• [DATA SEGMENT]:
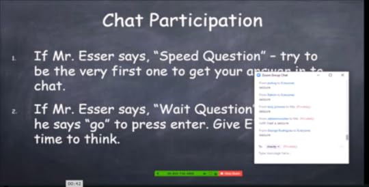 But also notice Joshua’s pacing. Even though he’s brilliant at dissolving the screen, Joshua is also all about value. He’s not wasting time. Love the way he moves right to the Do Now and gets students down to it. One of the things we advise teachers to do is to have students actively engaged in doing an active task within three minutes of the start of class. If you start with a lot of talk you risk sending a clear message about the passive nature of online learning.
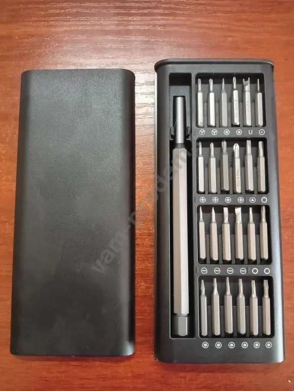 многофункциональный набор в инструментов для выполнения точных работ с мелкими крепёжными элементами. Используется для ремонта и разборки мелкой техники, гаджетов, часов, очков, ноутбуков, смартфонов, игровых приставок и других устройств, где требуются миниатюрные отвёртки с разными профилями наконечников.
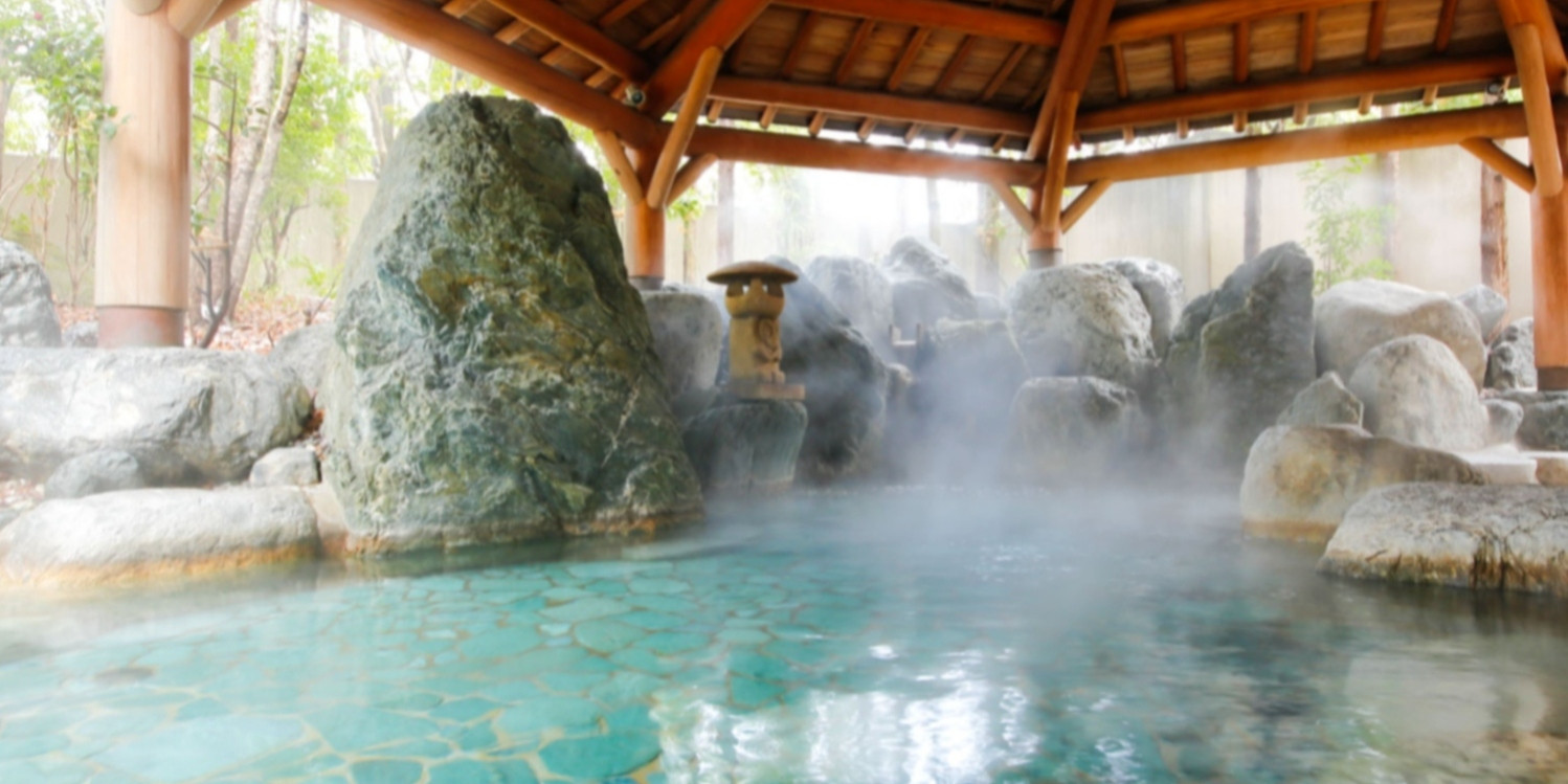 心を癒す優雅な大浴場と高濃度炭酸泉を備えた露天風呂、幻想的な空間が広がります。

• [TASK PROMPT]: Only the pictures should be left out; the rest of the material above must be repeated exactly.

• [ANSWER BELOW]:
 But also notice Joshua’s pacing. Even though he’s brilliant at dissolving the screen, Joshua is also all about value. He’s not wasting time. Love the way he moves right to the Do Now and gets students down to it. One of the things we advise teachers to do is to have students actively engaged in doing an active task within three minutes of the start of class. If you start with a lot of talk you risk sending a clear message about the passive nature of online learning.
 многофункциональный набор в инструментов для выполнения точных работ с мелкими крепёжными элементами. Используется для ремонта и разборки мелкой техники, гаджетов, часов, очков, ноутбуков, смартфонов, игровых приставок и других устройств, где требуются миниатюрные отвёртки с разными профилями наконечников.
 心を癒す優雅な大浴場と高濃度炭酸泉を備えた露天風呂、幻想的な空間が広がります。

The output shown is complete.